Chapter 2: This chapter introduces the \pkg{simcausal} \proglang{R} package - an open-source software tool

for specification and simulation of complex longitudinal data structures that are based on non-parametric

structural equation models. The package aims to provide a flexible tool for

simplifying the conduct of transparent and reproducible simulation studies, with a particular emphasis on the types of

data and interventions frequently encountered in real-world causal inference problems, such as, observational data with

time-dependent confounding, selection bias, and random monitoring processes. The package interface allows for concise

expression of complex functional dependencies between a large number of nodes, where each node may represent a

measurement at a specific time point. The package allows for specification and simulation of counterfactual data

under various user-specified interventions (e.g., static, dynamic, deterministic, or stochastic).

In particular, the interventions may represent exposures to treatment regimens, the occurrence or non-occurrence of

right-censoring events, or of clinical monitoring events. Finally, the package enables the computation of a selected

set of user-specified features of the distribution of the counterfactual data that represent common causal quantities

of interest, such as, treatment-specific means, the average treatment effects and coefficients from working marginal

structural models. The applicability of \pkg{simcausal} is demonstrated by replicating the results of two published

simulation studies.

Chapter 3: The past decade has seen an increasing body of literature devoted to the

estimation of causal effects in network-dependent data. However, the

validity of many classical statistical methods in such data is often

questioned. There is an emerging need for objective and practical ways

to assess which causal methodologies might be applicable and valid in

such novel network-based datasets. In this chapter we describe a set

of tools implemented as part of the \pkg{simcausal} \proglang{R}

package that allow simulating data based on the non-parametric structural equation model for connected units.

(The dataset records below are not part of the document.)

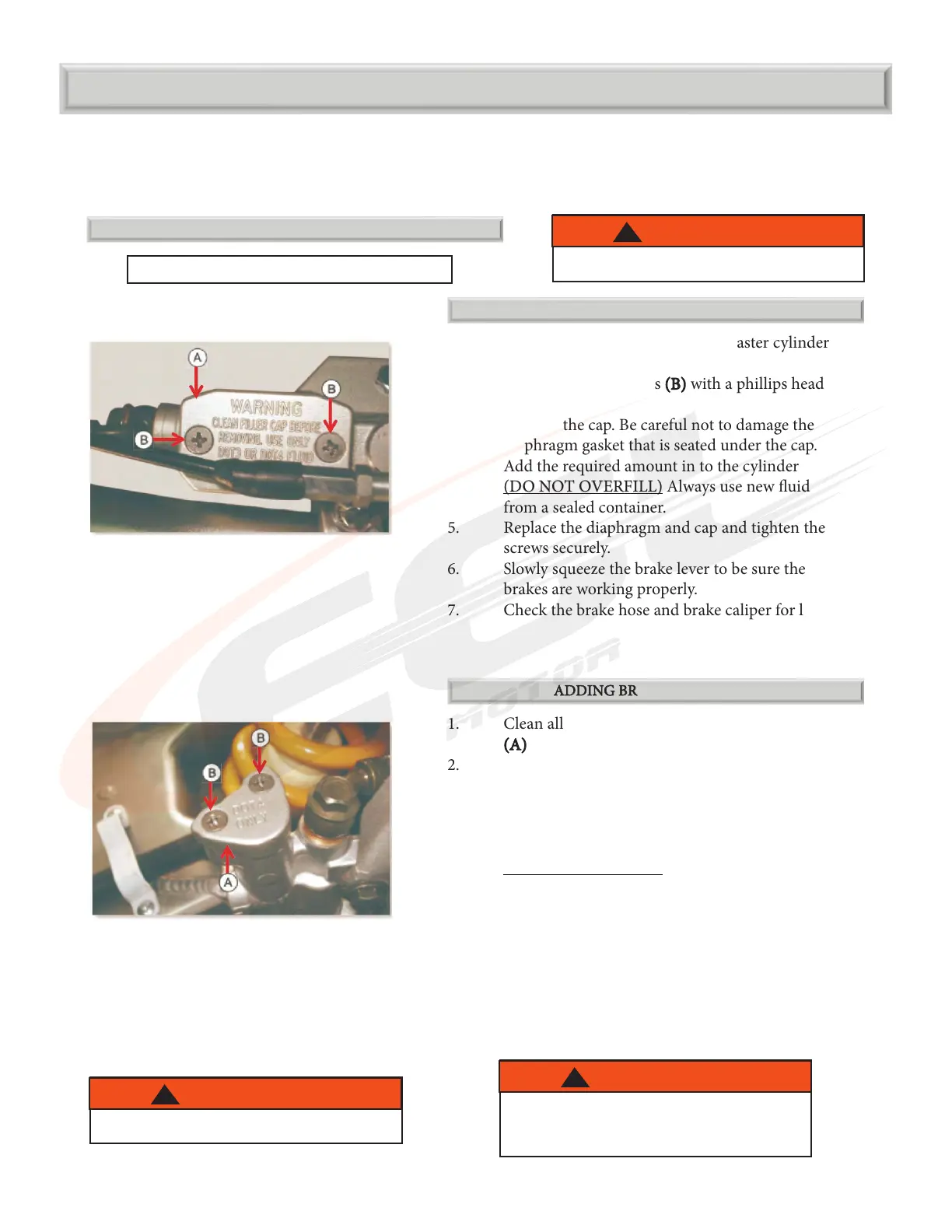 into the master cylinders. Follow the procedures below to check and ll the cylinders with the specied brake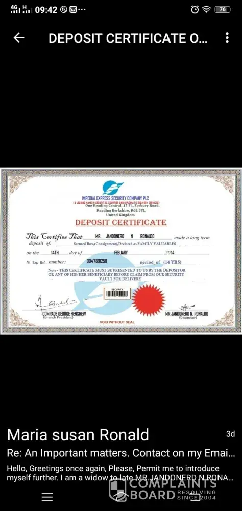 Read full complaint and 4 commentsMaria Susan Ronald - to claim an inherited funds & gold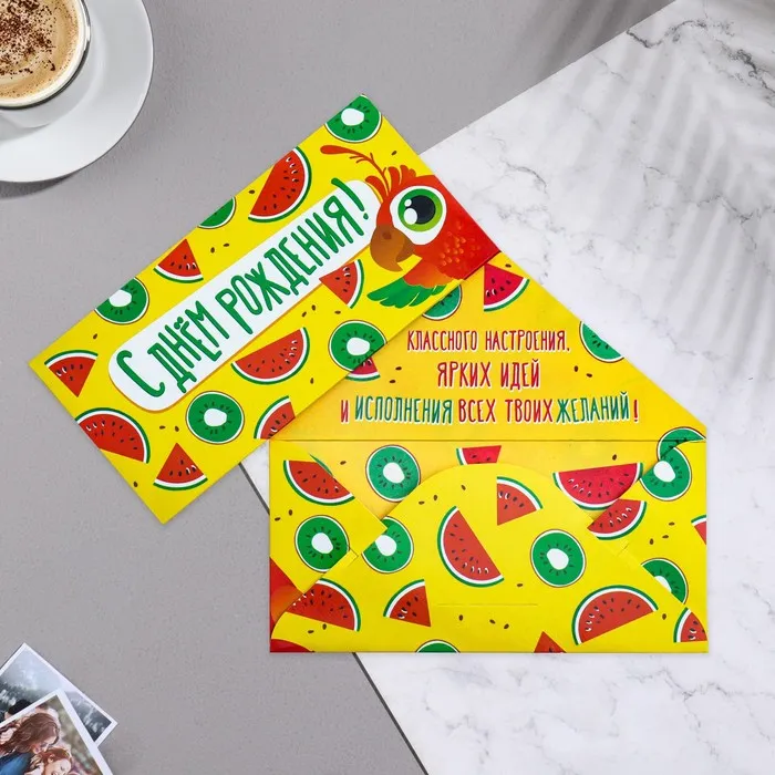 Конверт для денег "С Днем Рождения!" арбуз, 16х8 см — Характеристики

We also provide examples of how these simulations may be applied to evaluation of different statistical

methods for estimation of causal effects in such data. In particular,

these simulation tools are targeted to the types of data and

interventions frequently encountered in real-world causal

inference research in social networks, such as,

observational studies with spill-over or interference. We developed a

novel \proglang{R} language interface which simplifies the specification of network-based

functional relationships between connected units. Moreover, this

network-based syntax can be combined with the syntax for specifying

longitudinal data structures, allowing for

simulations of network-based processes that evolve in time (e.g.,

contagion in epidemic modeling).

We provide various examples of simulation studies that involve units

connected by various network models. These simulations were designed to

mimic the types of studies one might conduct in real life with the aim

of answering specific causal public health questions.

We also demonstrate one application of these new tools by conducting a

simulation study that compares the performance of three estimators of

the counterfactual mean outcome in a network-dependent data setting.

Finally, we describe a simulation study with longitudinal data that mimics

a spread of HIV epidemic over time for highly inter-connected communities.